My wife, for example, she loves me unconditionally and is 100% on my side. I seem and feel like I know this but I still want it. Not more of it. I just want it, crave it—it’s like I still want what I already have. I’m not trying to belittle, attack or accuse anybody. I simply wonder how to cope with this kind of mind play when it occurs. Others, you, included, and my wife and support team do take how I perceive things—through my “lens”—both the good and the bad into foremost view and do respond to my needs—what I want and not simply what I might want out of petty desire. Yet I still want that. And the feeling causes me both angst and confusion—perhaps powerlessness, too.


So I ask, what is it that I’m missing or not getting here? The “Schizophrenic Lens” can be so distorting and literally not make sense—at all.


I deserve to be heard, for one thing. Not just seen. And I have that. Other people do see and hear me, and so many fully consider all my limitations as well as my strengths and give me the benefit of the doubt when they can. Some do not, but that’s just Life.

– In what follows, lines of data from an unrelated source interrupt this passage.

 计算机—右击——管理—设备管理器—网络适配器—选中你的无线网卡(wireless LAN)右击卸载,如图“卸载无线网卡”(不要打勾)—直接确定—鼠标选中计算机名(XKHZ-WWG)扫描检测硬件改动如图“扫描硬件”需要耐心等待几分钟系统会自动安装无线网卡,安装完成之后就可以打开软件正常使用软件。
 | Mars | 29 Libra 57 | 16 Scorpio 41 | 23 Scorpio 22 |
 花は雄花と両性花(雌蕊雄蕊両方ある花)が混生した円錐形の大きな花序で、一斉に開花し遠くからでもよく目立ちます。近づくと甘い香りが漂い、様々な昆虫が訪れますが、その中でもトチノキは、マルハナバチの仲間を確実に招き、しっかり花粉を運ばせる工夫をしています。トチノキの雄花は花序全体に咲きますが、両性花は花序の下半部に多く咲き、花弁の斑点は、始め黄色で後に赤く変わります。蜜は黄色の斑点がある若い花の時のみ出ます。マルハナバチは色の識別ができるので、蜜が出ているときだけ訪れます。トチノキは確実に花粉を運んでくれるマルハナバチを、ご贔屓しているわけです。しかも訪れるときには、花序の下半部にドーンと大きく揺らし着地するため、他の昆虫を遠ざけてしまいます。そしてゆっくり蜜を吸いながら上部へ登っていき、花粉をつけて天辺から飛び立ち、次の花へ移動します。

I don’t give up. I am not giving up. I'm invested in this, though lately, I’ve been in that mindset where I believe that, given the schizophrenia and the more negative impact it has had on my life and perceptions with reality—and there are many examples, I’m sure most are common, from grief, to loss, and the list goes on, but especially when things, especially in my own head, whether I realize it or not—that they’re more symptomatic and not real, I think to myself, "I just want to move to the English countryside and start my life over again, altogether," you know? But I push through. If I would follow that impulse of moving away, literally and restart everything, that would turn out to be the most devastating thing I could do. I have all that I need and want right now. The distortion that the “lens” of schizophrenia causes, I can further illustrate, especially when under more than usual stress levels, and all of my senses become heightened, to frightening levels.

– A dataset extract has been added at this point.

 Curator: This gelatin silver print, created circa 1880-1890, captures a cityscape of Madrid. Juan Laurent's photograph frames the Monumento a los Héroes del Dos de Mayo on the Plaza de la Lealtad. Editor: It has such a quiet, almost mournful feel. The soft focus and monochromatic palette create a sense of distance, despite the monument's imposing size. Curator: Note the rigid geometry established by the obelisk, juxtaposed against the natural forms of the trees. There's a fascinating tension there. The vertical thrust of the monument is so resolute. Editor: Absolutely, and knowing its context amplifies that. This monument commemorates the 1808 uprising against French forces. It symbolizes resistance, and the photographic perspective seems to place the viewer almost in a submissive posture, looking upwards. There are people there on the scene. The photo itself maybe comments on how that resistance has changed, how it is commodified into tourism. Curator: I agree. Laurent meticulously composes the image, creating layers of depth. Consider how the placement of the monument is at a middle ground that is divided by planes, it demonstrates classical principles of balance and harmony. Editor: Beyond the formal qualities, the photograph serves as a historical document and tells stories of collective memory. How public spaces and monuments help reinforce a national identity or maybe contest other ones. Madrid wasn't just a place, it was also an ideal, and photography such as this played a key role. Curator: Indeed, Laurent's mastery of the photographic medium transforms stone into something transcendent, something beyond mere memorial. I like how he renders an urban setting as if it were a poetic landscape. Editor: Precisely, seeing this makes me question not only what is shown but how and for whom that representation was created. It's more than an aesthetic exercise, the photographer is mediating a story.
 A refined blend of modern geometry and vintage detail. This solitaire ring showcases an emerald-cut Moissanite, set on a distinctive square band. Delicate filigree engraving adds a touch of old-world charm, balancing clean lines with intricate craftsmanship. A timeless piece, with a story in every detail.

The other day, my room temperature was not heating higher than 70. The thermostat read 70—not 75, as I had set it—for 24 hours. What I saw was the digital number "70" on the thermostat. When my wife—and again, I'm not arguing, blaming of complaining—said (as I hear from others as well) that I "imagined" [that] (for example).


I need you to know that I saw 70 while my wife saw 75—on the same exact thermostat at the same exact time. I'm not "joking around" by mentioning this obvious delusion—which I fully acknowledge as such—it messes incredibly so with my already schizophrenic mind, or “lens.”

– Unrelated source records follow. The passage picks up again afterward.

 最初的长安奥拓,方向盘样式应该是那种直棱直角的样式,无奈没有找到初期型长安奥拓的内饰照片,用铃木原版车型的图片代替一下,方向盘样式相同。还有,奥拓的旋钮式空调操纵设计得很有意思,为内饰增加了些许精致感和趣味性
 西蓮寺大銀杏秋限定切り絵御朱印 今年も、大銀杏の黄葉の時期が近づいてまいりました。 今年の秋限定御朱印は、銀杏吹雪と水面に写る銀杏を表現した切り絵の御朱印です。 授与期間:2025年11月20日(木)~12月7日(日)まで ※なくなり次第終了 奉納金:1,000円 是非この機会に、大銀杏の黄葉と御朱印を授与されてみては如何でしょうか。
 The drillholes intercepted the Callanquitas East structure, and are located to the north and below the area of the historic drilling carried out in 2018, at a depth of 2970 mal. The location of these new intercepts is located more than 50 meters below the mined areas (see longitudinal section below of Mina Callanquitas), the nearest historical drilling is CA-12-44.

I know that I have Sz (schizophrenia) and I trusted my wife's perspective more than my own, but just with that "little" day-to-day example, are you able to grasp the kind of impact that such a thing has on me? Then the spiraling down from there would consist of my questioning—in complete isolation—if all individual things in my life and experiences—my friends, even my own name—to question if such things are real or not, and knowing that I could never know the answers, except by hearing it—again, perhaps through the veil of delusion—from people I trust, then trusting if the answer or they are real or if they might have said, “Yes,” yet through my lens, I might hear, “No.”